Part Nine: How Biblical Counseling Lost Its Way
*Note: If you’re disappointed that I’m saying that some biblical counseling is only half biblical, then please read my comments at the end of my first post in this series: http://tinyurl.com/n8k799.
My Premise
Some modern biblical counseling considers the seriousness of sin—sinning, but spends much less time equipping people to minister to the gravity of grinding affliction—suffering. When we provide counseling for sin, but fail to provide counseling and counselor training for suffering, then such biblical counseling is only half biblical.
Pulling Back the Pendulum . . . Too Far . . . One Way
Recall the situation pastors faced in the 1960s when hurting parishioners walked into their pastoral office. You could turn to secular psychology to address their personal issues. Or, you could ignore their personal issues and just keep preaching from the pulpit theology unrelated to life.
Those individuals who revived modern biblical counseling returned to the shepherding task of the personal ministry of the Word. However, when they pulled back the pendulum:
1. They feared that anything other than confronting sin would be a return to the social gospel.
2. They feared that focusing on life’s hardships might easily encourage evasion of moral responsibility and blame-shifting.
3. They feared that “empathy,” “non-directive responses,” and “passive listening” would be a capitulation to liberalism and secular psychology.
They pulled back the pendulum to the shepherding task of the personal ministry of the Word and to a focus on moral responsibility and sin—for which we all should be thankful.
Their pull went too far, was one-dimensional, and fear-based—from which we should all learn.
It is never biblical to ignore any part of our biblical calling out of fear that someone might respond in an unbiblical manner to our biblical ministry.
We do not have to shift blame to past traumatic experiences in order to be a biblical emphathizer, encourager, and hope-giver. It is not blame-shifting to recognize the biblical truth that being sinned against causes pain (2 Samuel 13, the lament Psalms, etc.). It is not blame-shifting to empathize with, console, and comfort our suffering parishioners and spiritual friends.
Our Calling to a Fuller Shepherding Response
Given the climate in which they lived, pioneers of the return to biblical counseling saw suffering as an occasion for revealing either faithfulness or sinfulness. That much we can applaud.
Their response, however, was primarily one-dimensional. They exhorted moral responsibility through the directive teaching of biblical principles. They viewed suffering exclusively as an occasion to warn against sinning. They explored suffering chiefly to discover sinful responses, to determine what responses would be morally appropriate, and to exhort such morally appropriate actions and behaviors.

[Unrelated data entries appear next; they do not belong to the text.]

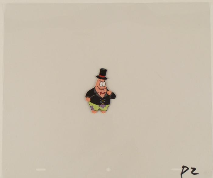To create production cels, the original animator's drawing is transferred onto an acetate cel (by hand-inking and/or photo copying). The cel is then hand-painted on the reverse side. The cel is ready to be matted and framed. The animator's notations are at the bottom of the cel. There is some slight paint fade to Patrick's outline.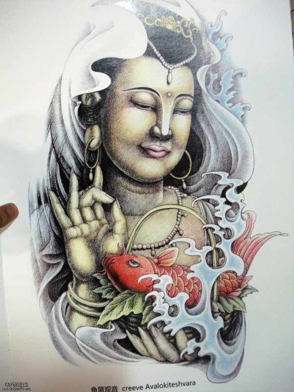 最低级纹身图吧老兵纹身一款彩色观音纹身图案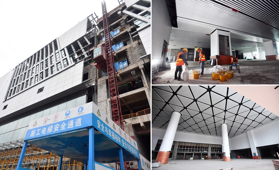 5月6日,长沙汽车南站综合交通枢纽项目工地,正在进行外部装修的主站房(图①)以及装修基本完工的候车厅(图②)和售票大厅(图③)。该项目按国家一级客运站标准规划、建设、运营,总用地217亩,于2015年11月底动工。目前,包括主站房、备班楼、到站楼在内的主体工程已完工,正在全力推进内外部装修。预计下半年竣工并投入试运营。湖南日报记者 田超 摄
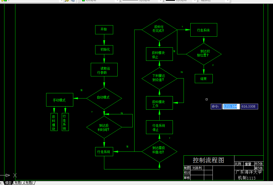 在工厂化水产养殖中,较多的成本往往在于人工成本和饲料成本,为了减少养殖过程中饲料的成本投入并降低人工劳动强度,提高生产效率。设计一种基于PLC控制的自动投料机制,该自动投饲系统能工作于高温高湿的水产养殖车间,能够排除相关养殖设备的干扰,实现对养殖车间的准确定位、精准的投饲以及对投饲的相关数据进行记录存储。自动投饲系统在工厂化水产养殖中能够稳定运行,其基本的运行参数为:运行速度:10至15/min,投饲精度95%以上,定位精度最大偏差为43mm。
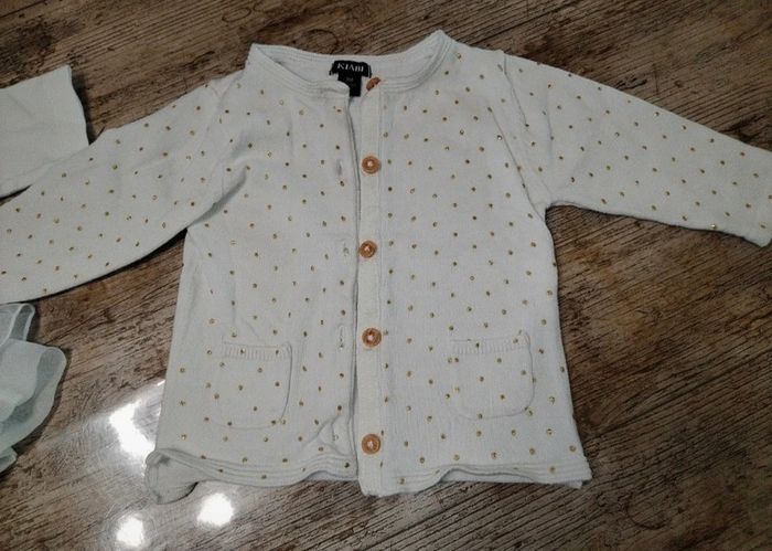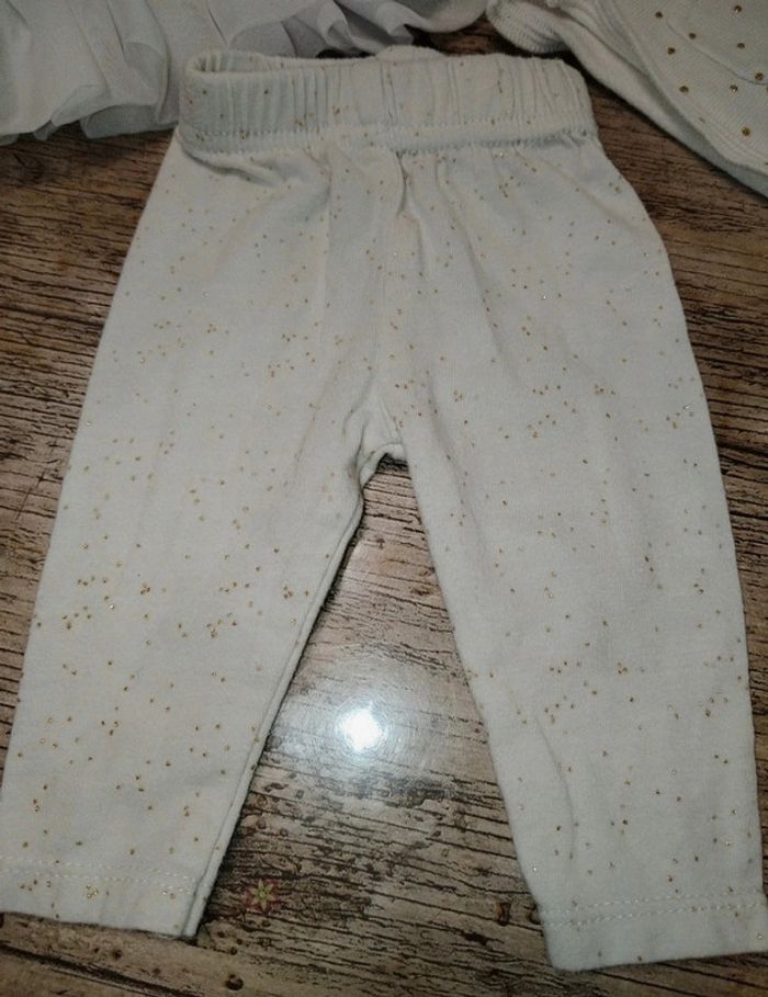 Joli ensemble fille 3 pièces (haut avec tulle, legging et son gilet a pois en paillettes dorées) Taille 3 mois Très bon état Envoie rapide et soigné D'autres vêtements taille 1, 3, 6, 9, 12 mois à suivre dans mon dressing 🥰 N'hésitez pas à vous abonner pour en être alerté Réductions activées 😊 N'hésitez pas à faire des lot #titenainedu62fille3mois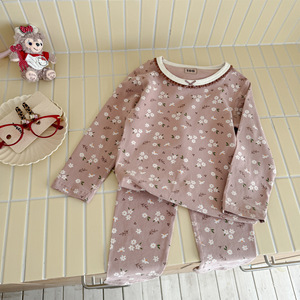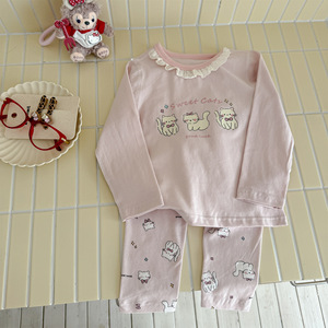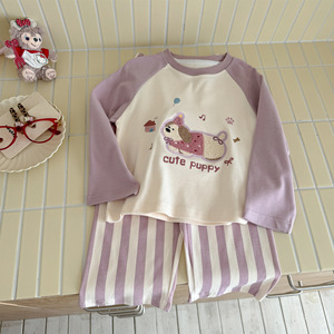 甜小司儿童家居服套装秋季新款撞色插肩袖卡通纯棉睡衣睡裤两件套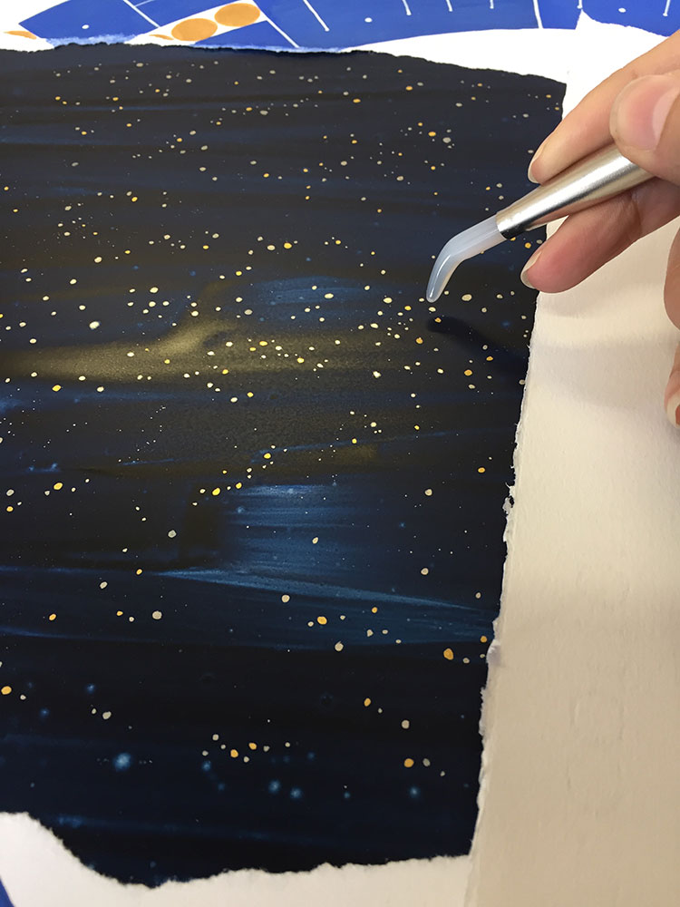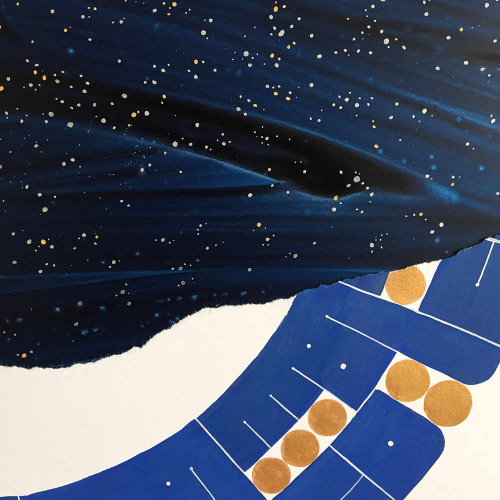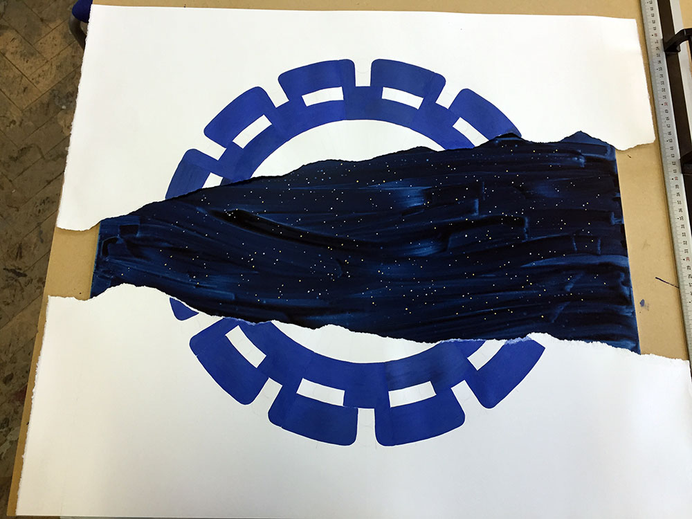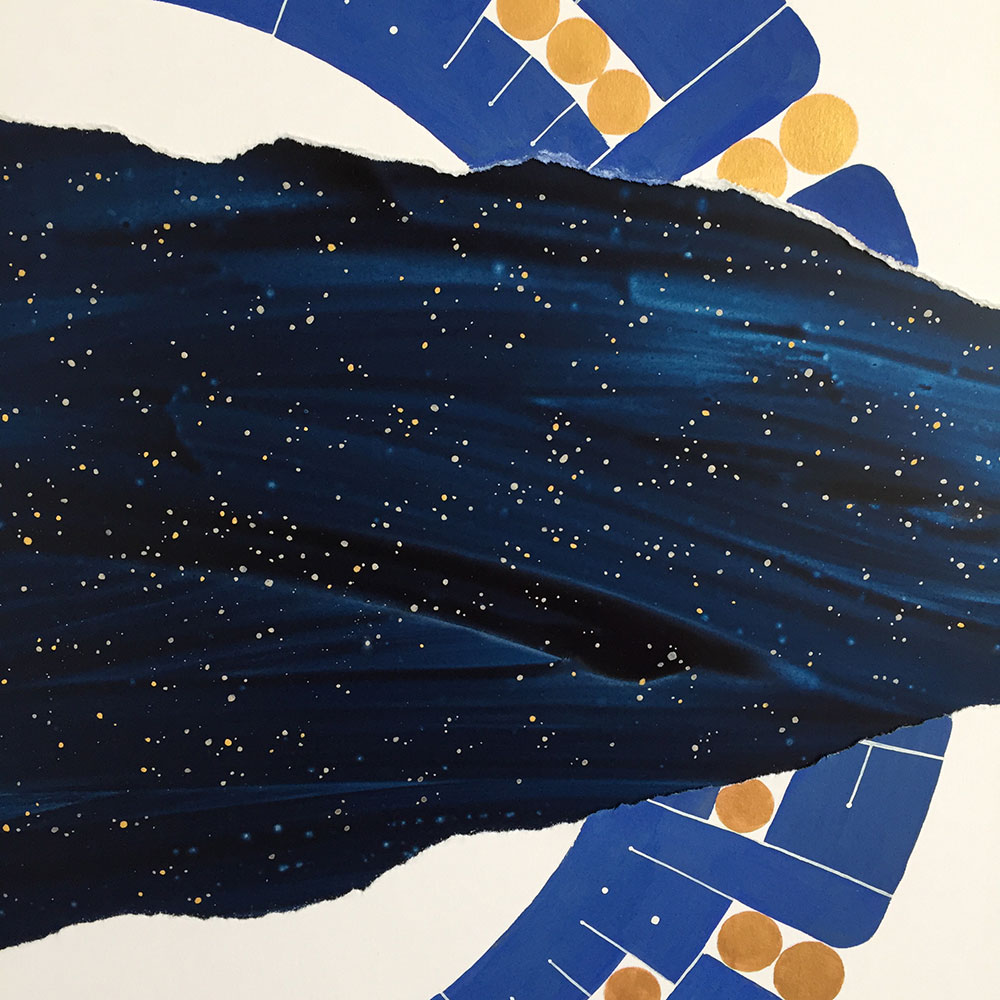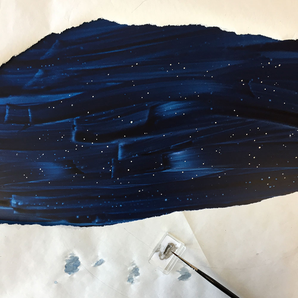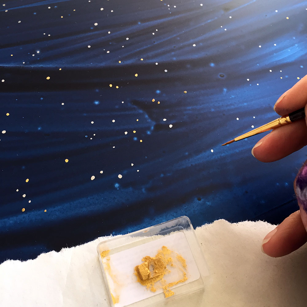 In this piece inspired by a dream, the “visible world” is spelled out in the foreground mandala, which is torn to reveal a whole other world behind it, much like a painted theater background that collapses to reveal the reality behind it. This impression is reinforced by the contrasting treatment of the two planes. In the foreground I deliberately dulled the blue and used golden gouache for the dots, instead of the usual, much more gold-like metal leaf. The background on the other hand, unstructured and boundless, is painted over aluminium which shines through the watercololour, providing a mysterious depth. The myriad stars are painted in shell gold 23.5ct and shell palladium, then burnished, in order to truly sparkle.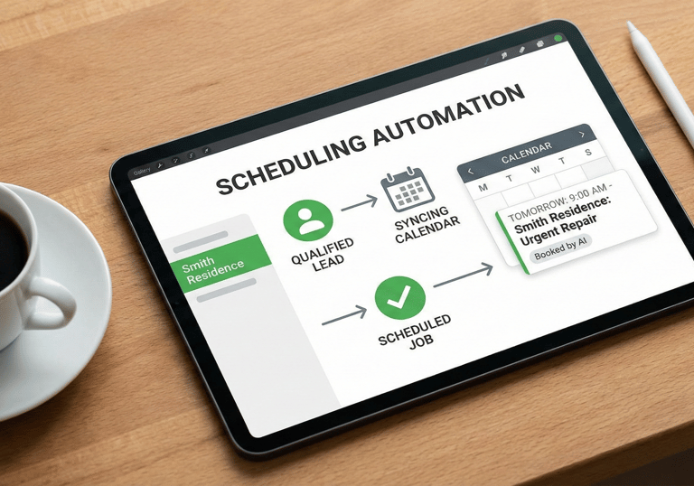 Once qualified, the AI syncs with your calendar to book the job immediately, moving the lead from "interested" to "scheduled" without human intervention.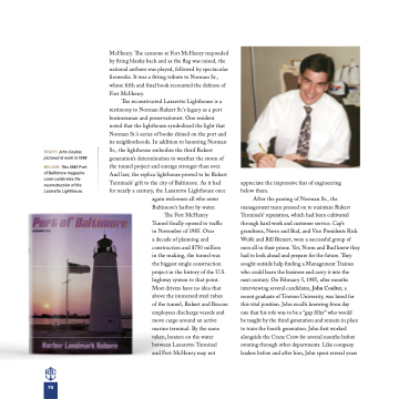 The reconstructed Lazaretto Lighthouse is a testimony to Norman Rukert Sr.’s legacy as a port businessman and preservationist. One resident noted that the lighthouse symbolized the light that Norman Sr.’s series of books shined on the port and its neighborhoods. In addition to honoring Norman Sr., the lighthouse embodies the third Rukert generation’s determination to weather the storm of the tunnel project and emerge stronger than ever. And last, the replica lighthouse proved to be Rukert Terminals’ gift to the city of Baltimore. As it had for nearly a century, the Lazaretto Lighthouse once

However, the Bible and Church history demand a much fuller shepherding response to suffering and sufferers. It includes, but is not limited to:
1. Weeping with those who weep (Romans 12:15).
2. Comforting those who hurt (2 Corinthians 1:3-11 and over 100 occurrences in the New Testament of parakaleo—comfort and encouragement).
3. Sharing not only Scriptures but our very own souls—our selves—relational connection (1 Thessalonians 2:8).
4. Relating with the mutual care modeled within the Trinity (John 1, John 17).
5. Bearing one another’s burdens (Galatians 6:1-4).
6. Encouraging one another and scores of other compassionate “one another” passages.
7. Sustaining empathy and compassionate commiseration (the opposite of Job’s miserable counselors—Job 3-42) modeled by the Church Fathers, the Reformers, the Puritans, women throughout Church history, African American soul care-givers, etc.
8. The collaborative application of Scripture emphasizing the use of passages such as the Psalms of Lament in a consolatory manner as Martin Luther and countless heroes of the faith did.
9. The healing permission to and encouragement to grieve as those who have hope (1 Thessalonians 4:13).
It is simply not biblical enough to say, “Oh, of course we deal with suffering,” and then to “deal with it” simply by exhortation to moral behavior. Such is not a comprehensive, compassionate, biblical, historical shepherding response.
Where Do We Go From Here?
In subsequent posts, we’ll consider why, though acknowledging suffering, it became an underdeveloped element of biblical counseling, and why such counseling became private preaching with a moralistic, non-relational, directive bent.
Theological perspectives, personality issues, preaching training, and views of the image of God all combined with the historical setting to “set up” early biblical counseling for movement away from the Church’s historic practice and the Bible’s comprehensive focus on both sustaining and healing for suffering and reconciling and guiding for sinning.